### Provided information
::::::

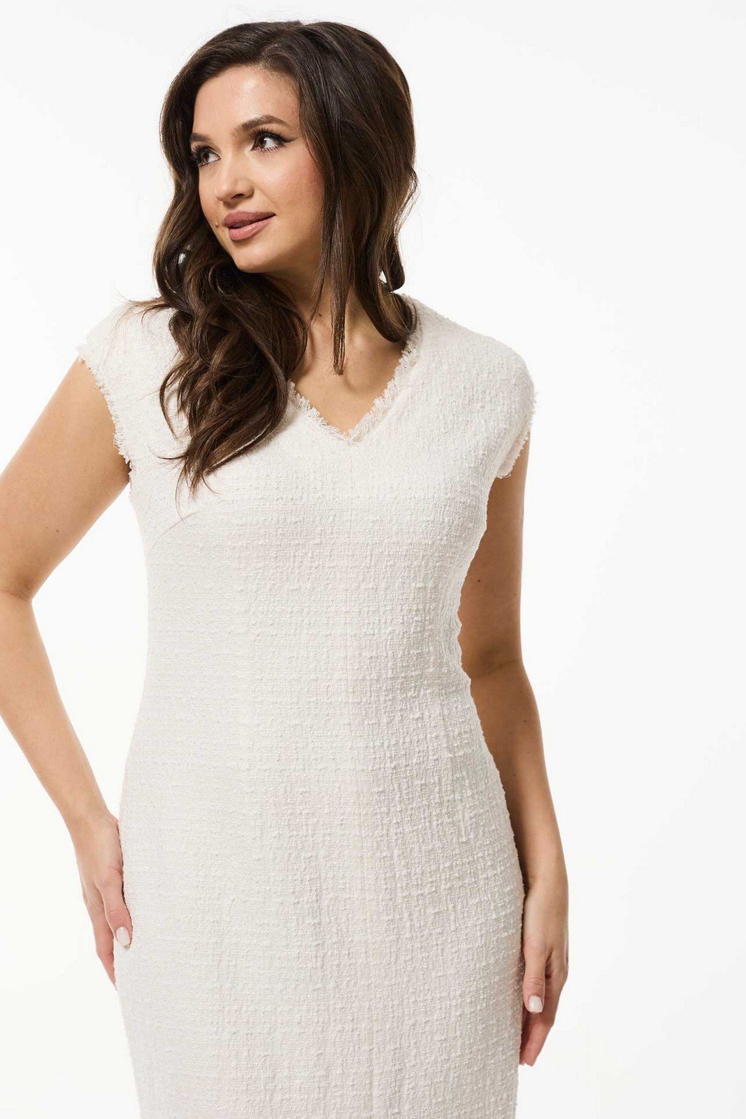 Платье женское прилегающего силуэта. Головина v-образная. Перед платья со средним швом, заканчиающимся разрезом. Спинка со средним швом, в который вшита потайная молния. Горловина и пройма изделия обработаны декоративной тесьмой. Платье без подкладки.
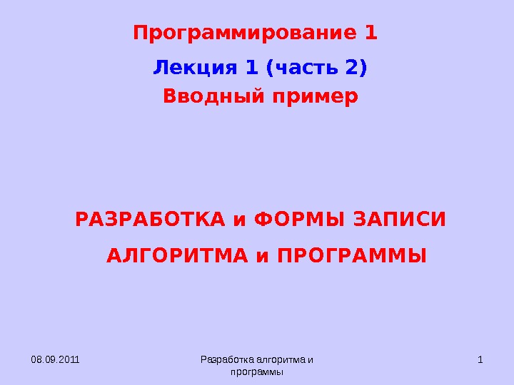 15. 09. 2011 Язык С++. Начало 1 Программирование
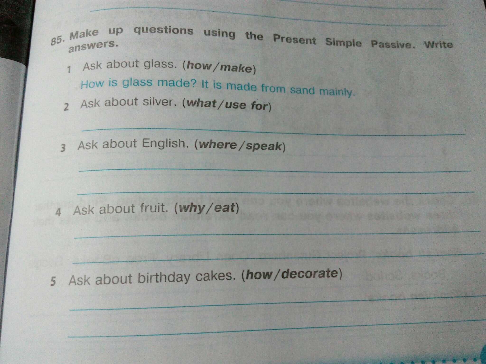 2. what silver is used to? Silver is used in clutery (flatware) manufacturing 3.where English language is spoken to? It is spoken in the UK, the USA, Canada, Australia and New Zealand 4. Why do people eat fruts. People eat fruts to keep fit. 5. How birthday cakes is being decorated. Birthday cakes is being decorated with cream.
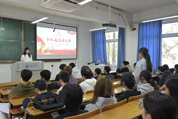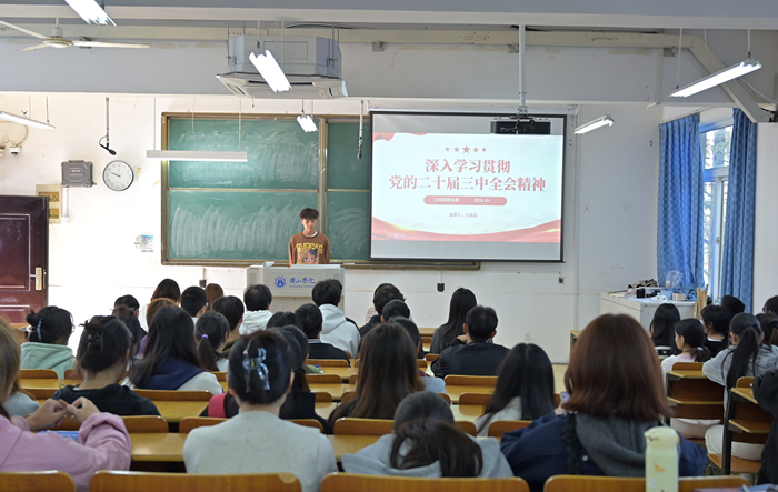 10月23日,团支部开展了“学习贯彻党的二十届三中全会精神”宣讲活动。王申结合自身学习体会,用通俗易懂的语言、生动鲜活的案例,深入浅出地介绍了党的二十届三中全会的重大意义、主要内容和精神实质,同学们对党的二十届三中全会精神有了更加深刻的理解和把握,鼓励同学们以积极的态度践行党的二十届三中全会精神,以理论指导实践,坚定理想信念,练就过硬本领,积极投身用实际行动践行青春誓言。
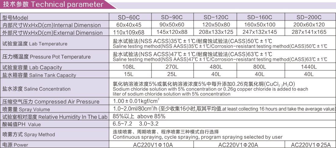 PA视讯盐雾箱C型系列可以完成许多加速腐蚀试验,包括ASTM B117, GB/T2423.17/IEC 60068-2-11, JIS H8502, GB/T10125-2012/ISO 9227-2006, GJB150.11A-2009 , GBT 20121-2006 / ISO11474-1998等试验方法。C型盐雾箱可以连续盐雾试验或间隙喷雾试验,可与电脑连接实现远程操作控制,可记录试验数据及曲线,触摸屏操作界面。Saida salt spray chamber C series can complete many accelerated corrosion tests, including ASTM B117, GB/T 2423.17/IEC 60068-2-11, JIS H8502, GB/T 1125-2012/ISO 9227-2006, GJB150.11A-2009, GBT 20121-2006/ISO 11474-1998 and other test methods. C type salt spray chamber can do continuous salt spray test or interval salt spray test, and can be connected with computer to realize remote operation control. Also can record test data and curves, touch screen operation interface.
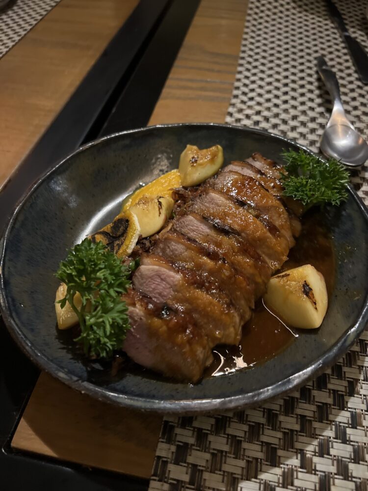 Como prato principal é possível aproveitar algumas opções deliciosas, como o magret de pato com molho gastrique francês com butiá, acompanhado de arroz crioulo com nuts e pêssegos frescos.

::::::

### Brief
Quote all the lines above exactly as given. Do not include the pictures.

### Solution to the exercise
 Платье женское прилегающего силуэта. Головина v-образная. Перед платья со средним швом, заканчиающимся разрезом. Спинка со средним швом, в который вшита потайная молния. Горловина и пройма изделия обработаны декоративной тесьмой. Платье без подкладки.
 15. 09. 2011 Язык С++. Начало 1 Программирование
 2. what silver is used to? Silver is used in clutery (flatware) manufacturing 3.where English language is spoken to? It is spoken in the UK, the USA, Canada, Australia and New Zealand 4. Why do people eat fruts. People eat fruts to keep fit. 5. How birthday cakes is being decorated. Birthday cakes is being decorated with cream.
 10月23日,团支部开展了“学习贯彻党的二十届三中全会精神”宣讲活动。王申结合自身学习体会,用通俗易懂的语言、生动鲜活的案例,深入浅出地介绍了党的二十届三中全会的重大意义、主要内容和精神实质,同学们对党的二十届三中全会精神有了更加深刻的理解和把握,鼓励同学们以积极的态度践行党的二十届三中全会精神,以理论指导实践,坚定理想信念,练就过硬本领,积极投身用实际行动践行青春誓言。
 PA视讯盐雾箱C型系列可以完成许多加速腐蚀试验,包括ASTM B117, GB/T2423.17/IEC 60068-2-11, JIS H8502, GB/T10125-2012/ISO 9227-2006, GJB150.11A-2009 , GBT 20121-2006 / ISO11474-1998等试验方法。C型盐雾箱可以连续盐雾试验或间隙喷雾试验,可与电脑连接实现远程操作控制,可记录试验数据及曲线,触摸屏操作界面。Saida salt spray chamber C series can complete many accelerated corrosion tests, including ASTM B117, GB/T 2423.17/IEC 60068-2-11, JIS H8502, GB/T 1125-2012/ISO 9227-2006, GJB150.11A-2009, GBT 20121-2006/ISO 11474-1998 and other test methods. C type salt spray chamber can do continuous salt spray test or interval salt spray test, and can be connected with computer to realize remote operation control. Also can record test data and curves, touch screen operation interface.
 Como prato principal é possível aproveitar algumas opções deliciosas, como o magret de pato com molho gastrique francês com butiá, acompanhado de arroz crioulo com nuts e pêssegos frescos.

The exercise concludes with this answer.